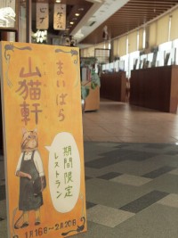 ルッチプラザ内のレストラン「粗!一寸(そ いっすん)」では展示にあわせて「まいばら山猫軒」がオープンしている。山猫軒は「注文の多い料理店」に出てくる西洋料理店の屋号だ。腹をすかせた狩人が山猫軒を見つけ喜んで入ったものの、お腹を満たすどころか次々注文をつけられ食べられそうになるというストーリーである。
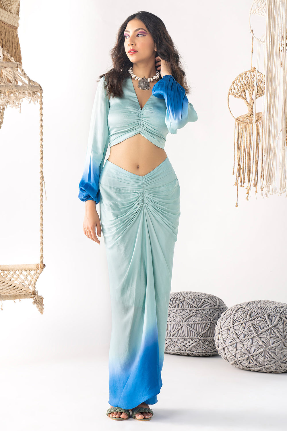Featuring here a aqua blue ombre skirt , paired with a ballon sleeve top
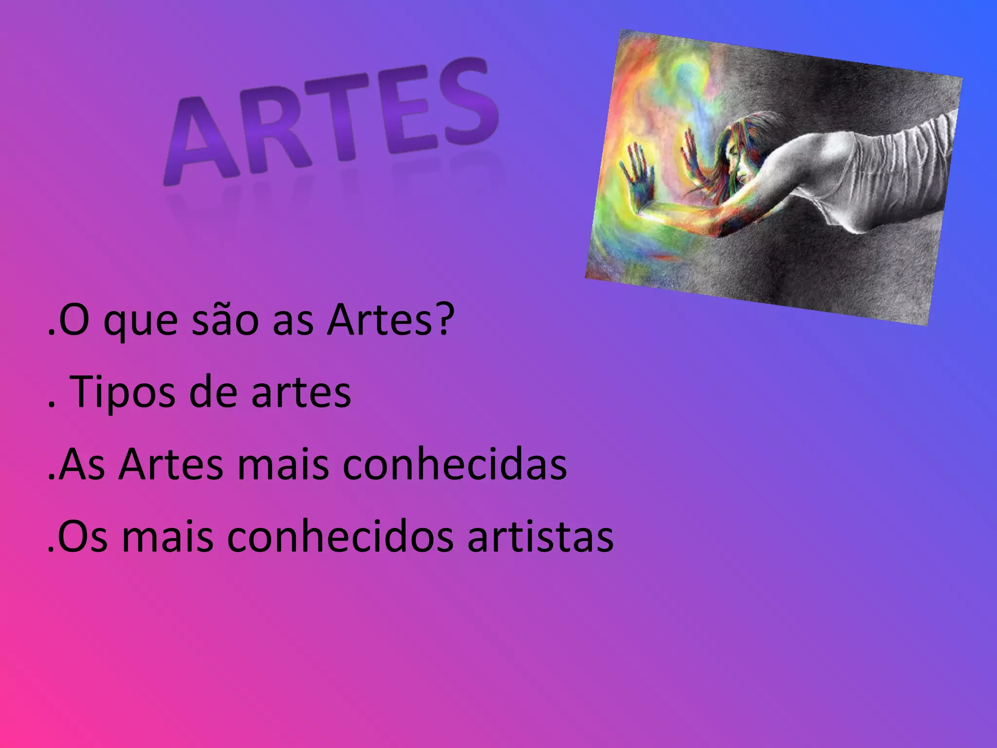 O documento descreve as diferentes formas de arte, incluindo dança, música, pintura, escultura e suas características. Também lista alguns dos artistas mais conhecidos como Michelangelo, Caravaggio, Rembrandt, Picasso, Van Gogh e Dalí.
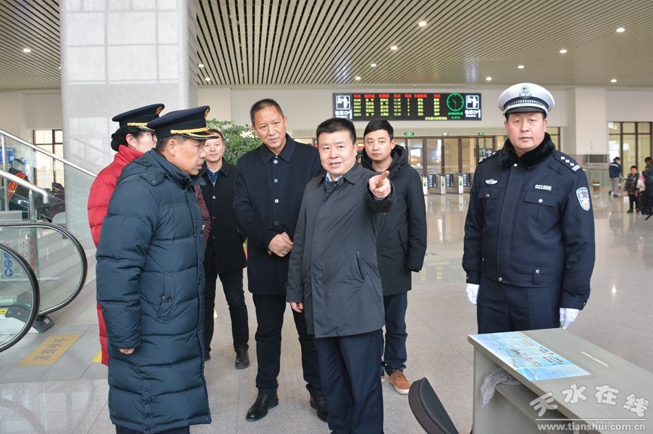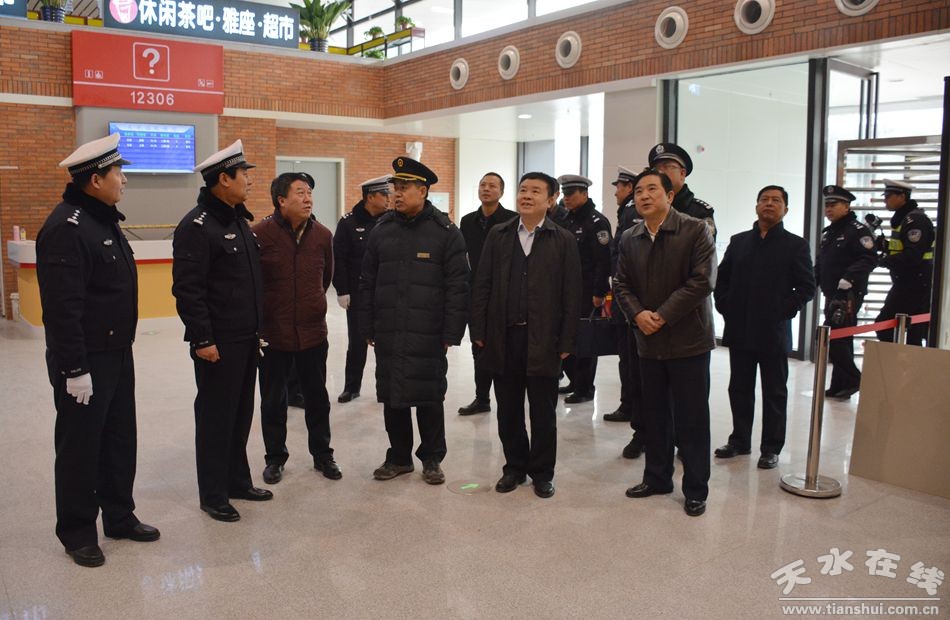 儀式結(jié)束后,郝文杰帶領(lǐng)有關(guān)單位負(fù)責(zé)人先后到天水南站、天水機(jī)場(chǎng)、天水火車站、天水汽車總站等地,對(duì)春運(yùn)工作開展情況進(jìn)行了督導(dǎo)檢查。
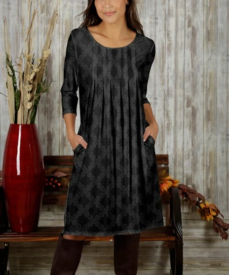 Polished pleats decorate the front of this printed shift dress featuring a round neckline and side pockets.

* [Activity] Exclude the pictures and repeat the entries word for word.

* [Answer]
 ルッチプラザ内のレストラン「粗!一寸(そ いっすん)」では展示にあわせて「まいばら山猫軒」がオープンしている。山猫軒は「注文の多い料理店」に出てくる西洋料理店の屋号だ。腹をすかせた狩人が山猫軒を見つけ喜んで入ったものの、お腹を満たすどころか次々注文をつけられ食べられそうになるというストーリーである。
Featuring here a aqua blue ombre skirt , paired with a ballon sleeve top
 O documento descreve as diferentes formas de arte, incluindo dança, música, pintura, escultura e suas características. Também lista alguns dos artistas mais conhecidos como Michelangelo, Caravaggio, Rembrandt, Picasso, Van Gogh e Dalí.
 儀式結(jié)束后,郝文杰帶領(lǐng)有關(guān)單位負(fù)責(zé)人先后到天水南站、天水機(jī)場(chǎng)、天水火車站、天水汽車總站等地,對(duì)春運(yùn)工作開展情況進(jìn)行了督導(dǎo)檢查。
 Polished pleats decorate the front of this printed shift dress featuring a round neckline and side pockets.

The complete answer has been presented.